Funding Opportunity W911NF-12-R-0012-02 (Mathematics)
Division of Applied Mathematics, Army Research Office (ARO)
We address a rather neglected but very important research area in stochastic multiscale modeling, namely the propagation of uncertainty across domains characterized by partially correlated processes but with vastly different correlation lengths in space/time. This class of problems includes stochastic/stochastic domain interaction but also stochastic/deterministic coupling. Both the deterministic and stochastic processes may be described by either partial differential equations (PDEs or SPDES) or particle systems, e.g. smooth particle hydrodynamics (SPH) or dissipative particle dynamics (DPD). The domains we consider may be embedded or adjacent but partially overlapping.
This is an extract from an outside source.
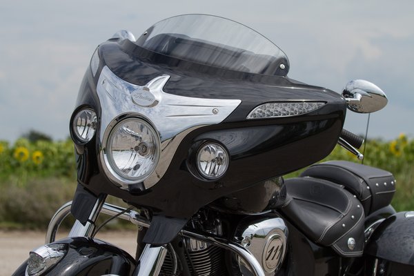 Amennyire jól néz ki a blokk, annyira jellegtelen lett a többi része, mintha a dizájner gyorsan le akarta volna tudni. Első sorban a mérete, ami üt a hatalmas fekete felületekkel – ezekre azért emlékszem ennyire tisztán mert mosás után áttörölgettem egy ronggyal – aztán jönnek a kötelező elemek, a negyvenes évek Indian Chiefjeire utaló uszályos sárvédők, amiből például az első akkora, hogy teljesen el is takarja a négydugattyús féknyergeket. Aztán ott van rajta egy üveg indiánfej amolyan Dragon Ball frizurára hajazó fejdísszel, gondolkodtam is rajta, hogy vajon ki szerint néz ki jól? Minden bizonnyal ugyanaz hagyta jóvá, aki a szegecsekkel kivert ülést, és még örüljek, hogy a széria kormányhínárt megúsztuk.

The fundamental open question we address is the construction of proper transmission boundary conditions at the interface that preserve global statistical properties as it is computationally prohibitive to preserve continuity of trajectories across domains. No rigorous theory or even effective empirical algorithms have yet been developed for interfaces defined in terms of functionals of the stochastic field, e.g. mean, variance or multi-point correlations. In addition to the high-dimensionality challenge, the stochastic processes across domains are correlated and hence new theoretical developments are required to represent such stochastic correlated systems.
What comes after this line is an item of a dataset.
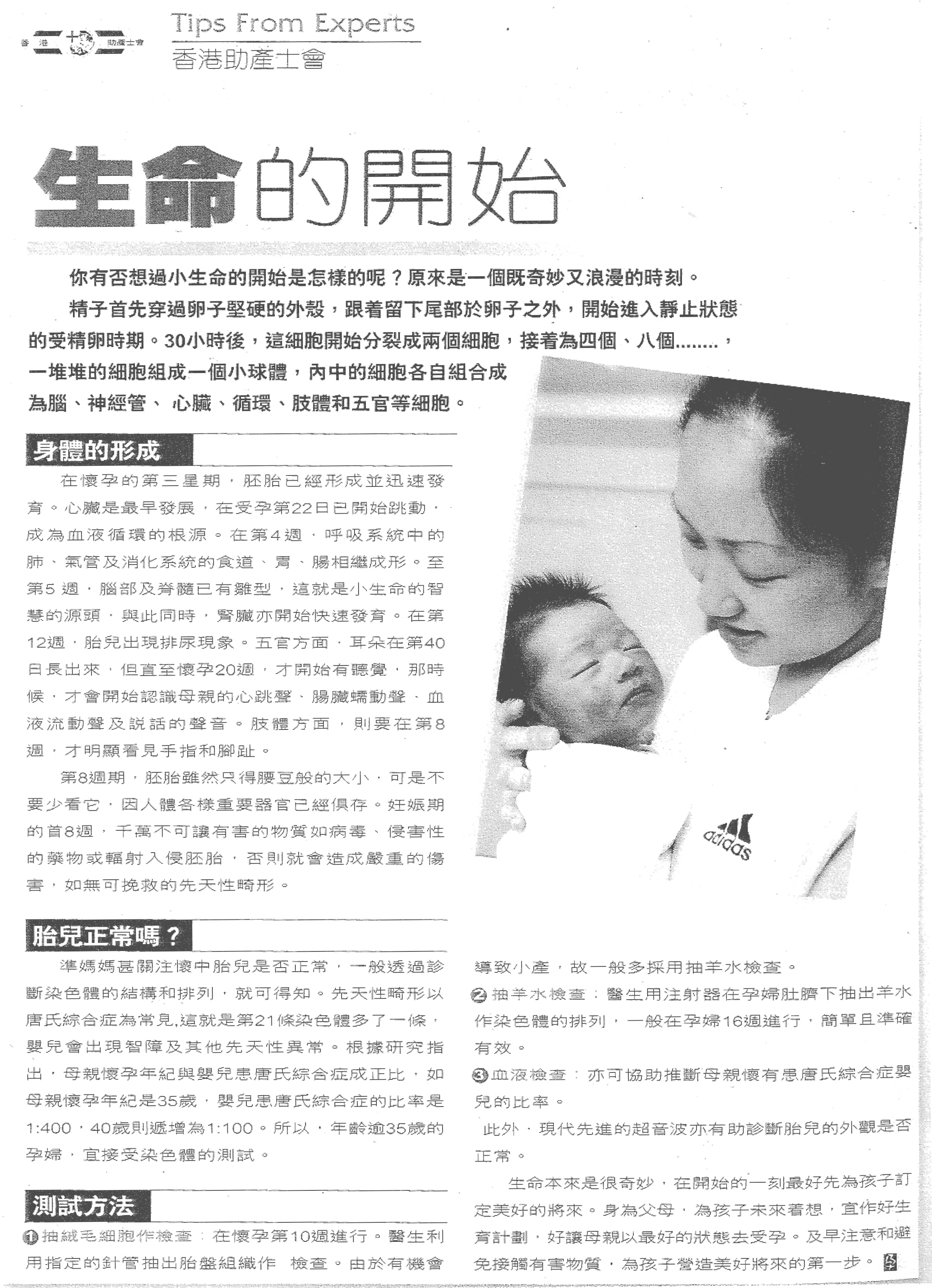 於孕媽媽雜誌所刊載文章: 生命的開始

To overcome these difficulties we propose to develop a new general framework for multi-scale propagation of uncertainty in heterogeneous stochastic systems based on multi-level domain decomposition methods. The key idea relies on new types of interface conditions and new time-integrators combined with reduced-order representations and generalized Schwarz methods. This is a timely quest, motivated in particular by recent advances in stochastic modeling techniques, domain decomposition methods and parallel computational algorithms. Specifically, we propose to develop two different approaches based on (1) state-based coupling, where moments of the state variable are employed for information exchange at the interfaces, and (2) PDF-based coupling, where the probability density function is used. The former is based on a theory we developed recently for multi-correlated processes to determine series expansions in terms of a reduced set of random variables and to represent random functions with characteristic components at different spatial scales, e.g. superposition of two (or more) processes with different correlation length. The latter is based also on a new theory that extends the Fokker-Planck-Kolmogorv equation to processes with correlated noise of arbitrary correlation length. The three-year research plan consists of theoretical and numerical developments as well as a general software framework that will implement the proposed algorithms in a seamless way for parallel environments. Demonstration examples will be drawn from multi-scale problems in solid and fluid mechanics as well as general advection-diffusion-reaction systems.
The proposed work will have a significant and broad impact as it will set the foundations of a new stochastic multi-level approach to uncertainty propagation, which is useful to multiscale modeling in many applications of interest to Army Research Labs. For instance, multi-scale stochastic modeling of complex materials and devices, dynamic data-driven applications, complex networks and multi-fidelity optimization under uncertainty.